Biogen (NASDAQ:BIIB) advanced more than 5% on news that Roche's Alzheimer's drug candidate failed to show evidence of slowing dementia progression in two drug trials.
Tech, meanwhile, was mostly lower, pressured by a more than 1% decline in Microsoft (NASDAQ:MSFT). Meta Platforms Inc (NASDAQ:META) bucked the trend, however, rising more than 1%.
A more than 3% rally in Advanced Micro Devices (NASDAQ:AMD) boosted chip stocks after receiving an upgrade from Baird and UBS.
UBS upgraded AMD to outperform from neutral and lifted its price target on the stock to $95 from $75, on expectations that demand for chips is set to resume as the glut in chip inventories is nearing a peak.
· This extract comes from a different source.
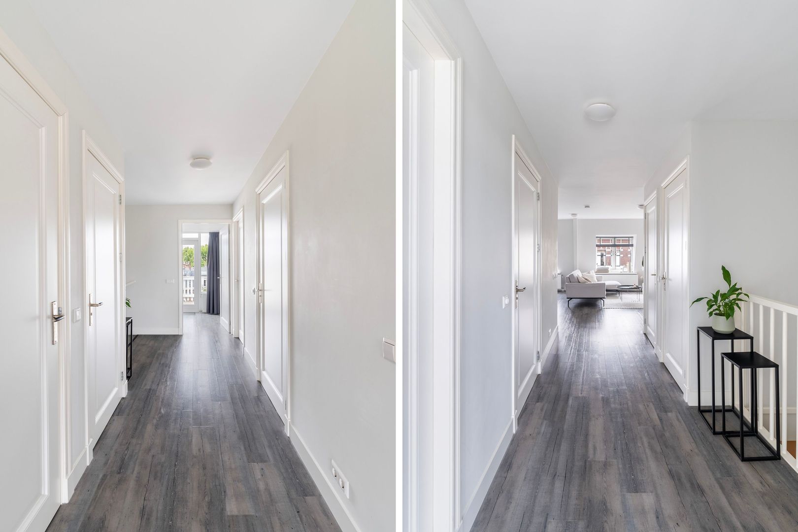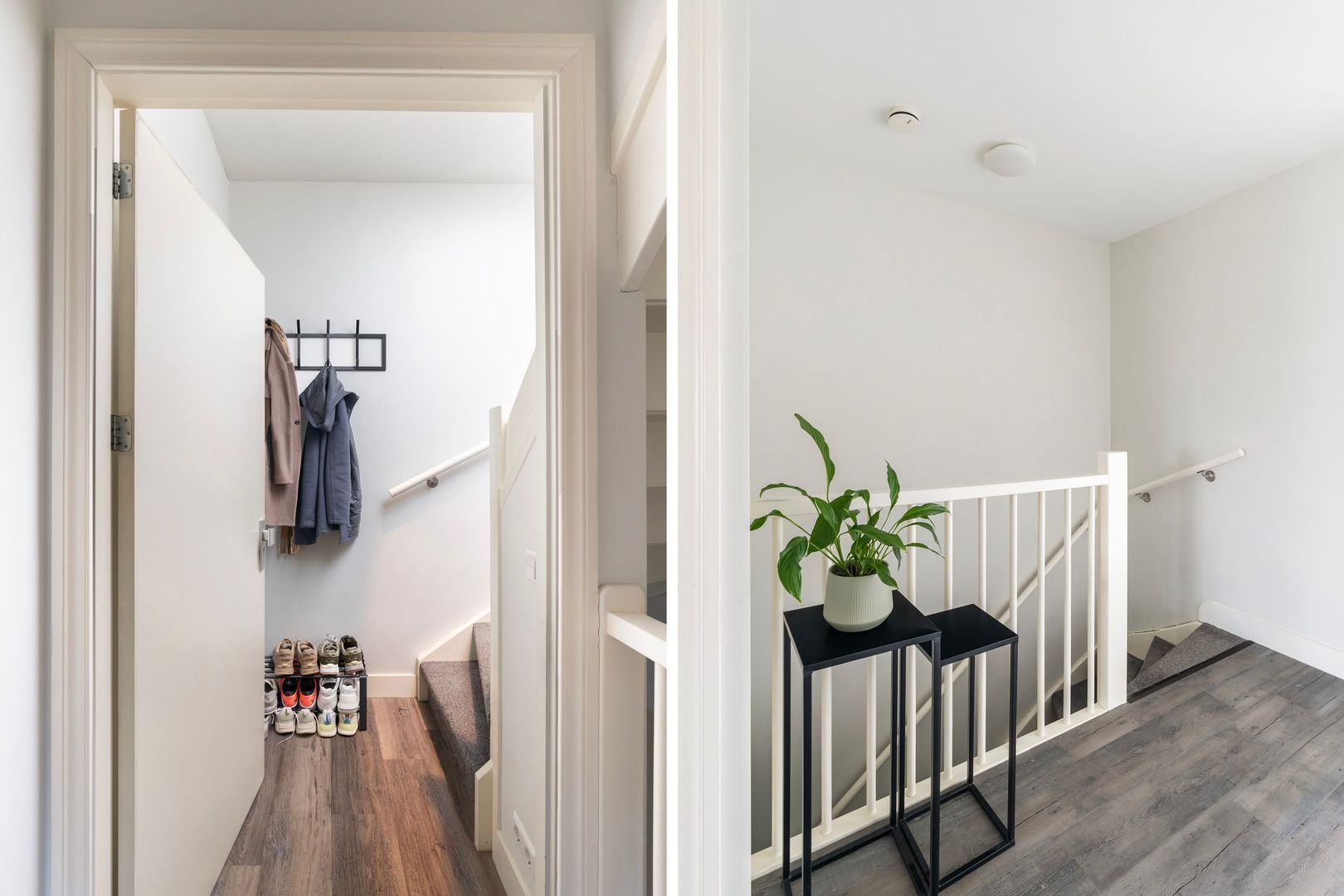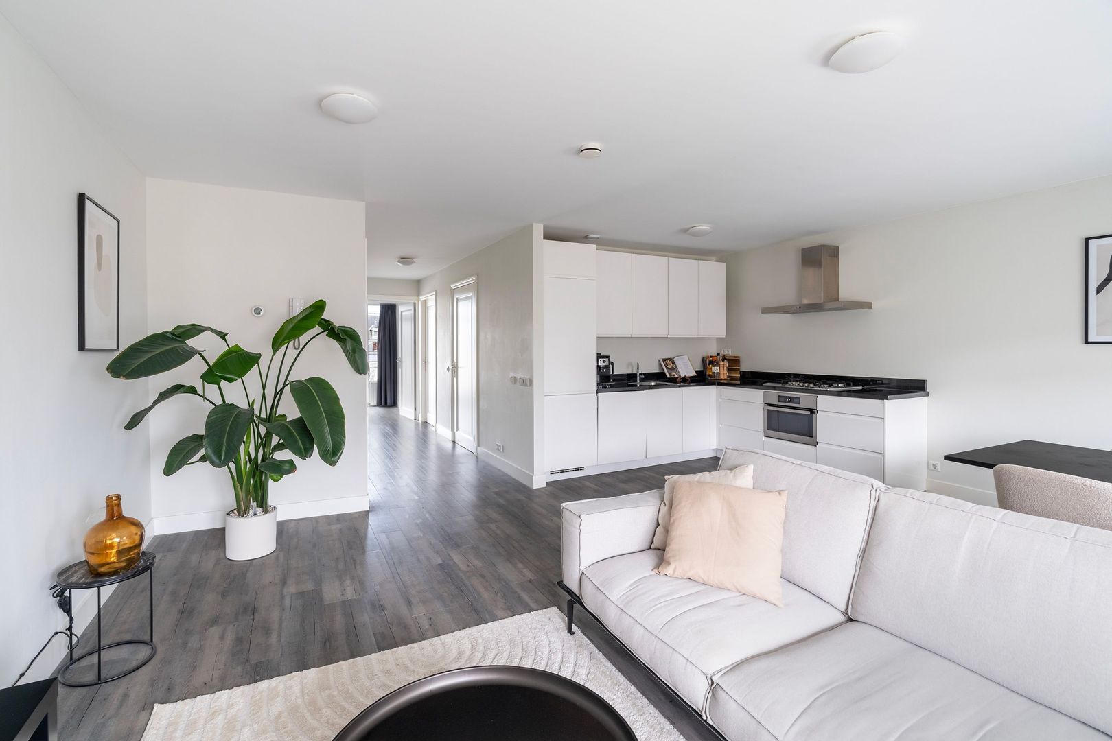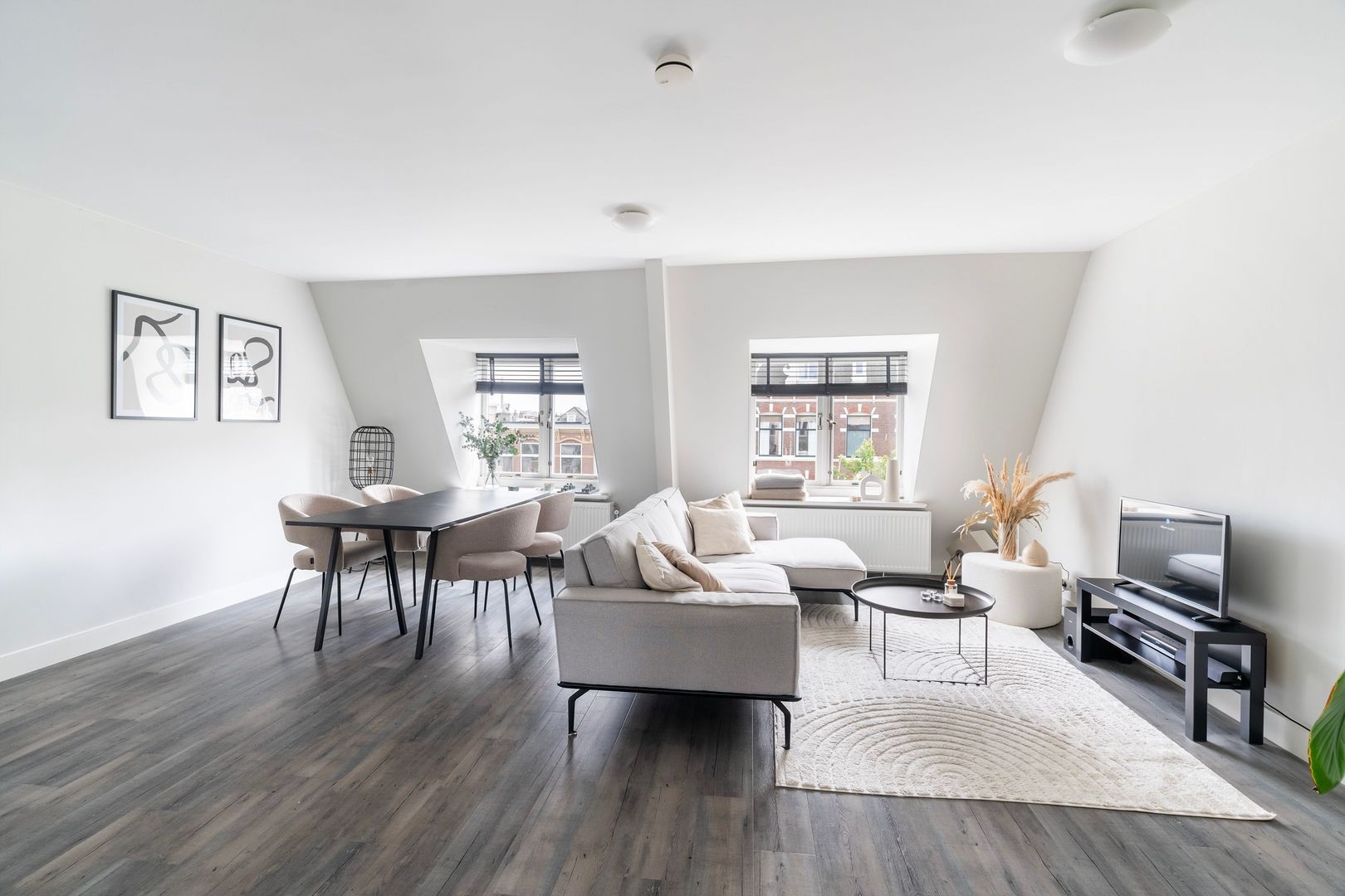 Afgesloten centrale entree met binnentrap naar de woningentree op de 2e etage; trap naar de overloop op de 3e etage; riante woonkamer met 2 dakkapellen aan de voorzijde; moderne open keuken in hoekopstelling welke o.a. is voorzien van een fraai stenen werkblad, 5-pits gasfornuis, afzuigkap, koelkast, vriezer, combimagnetron en vaatwasser; royale 1e slaapkamer aan de achterzijde met openslaande deuren naar het riante dakterras; 2e slaapkamer aan de achterzijde met openslaande deuren naar het dakterras; moderne badkamer met een inloopdouche, ligbad, wastafelmeubel, handdoekradiator en daklicht; modern separaat toilet (wandcloset) met fonteintje; kast met de wasmachine aansluiting en de cv-opstelling;

Amazon.com (NASDAQ:AMZN) slipped more than 1% as the e-commerce giant reportedly plans to lay off about 10,000 employees as soon as this week.
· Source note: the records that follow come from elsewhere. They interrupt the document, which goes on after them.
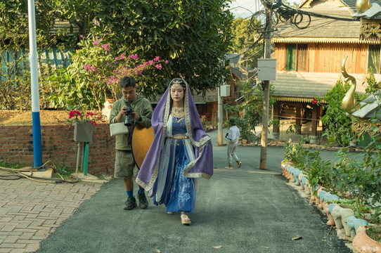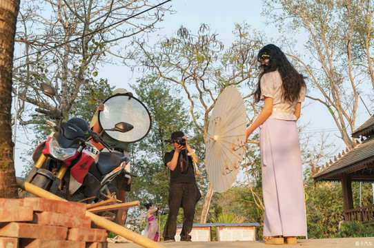 曼贺纳在傣族村寨拍摄写真的各种小组。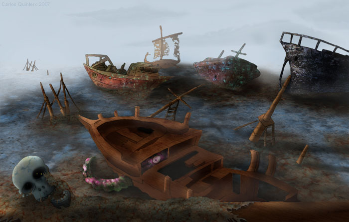 Cuentan los marinos que existe un gran cementerio de barcos en la superficie del atlántico que contiene barcos de todas las edades de la navegación humana, capturados e inmovilizados en campos de algas y sufriendo una lenta descomposición, pero gobernados todavía por tripulaciones de esqueletos integradas por los infortunados que no consiguieron escapar y debieron así compartir el destino de sus navíos.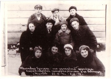 Фронтовая бригада художественной самодеятельности завода «Ревтруд» после выступления в воинских частях Юго-Западного фронта. Руководитель – Д.Н. Охотин (средний ряд, третий слева). 8 января 1942 г

Energy stocks shrugged off a slump in oil prices after OPEC cut its estimate on global oil demand amid a weaker global economic backdrop.
Valero Energy Corporation (NYSE:VLO), Pioneer Natural Resources Co (NYSE:PXD) and Chevron Corp (NYSE:CVX) led the gains in the sector.
On the earnings front, oat-based drinks maker Oatly (NASDAQ:OTLY) reported a larger-than-expected quarterly loss as revenue fell short of Wall Street estimates, sending its shares more than 10% lower.
In cryptocurrency-related news, Binance, the world's largest exchange by trading volume, said it would launch a recovery fund to cash-strapped crypto companies starved of liquidity in the wake of the collapse of FTX.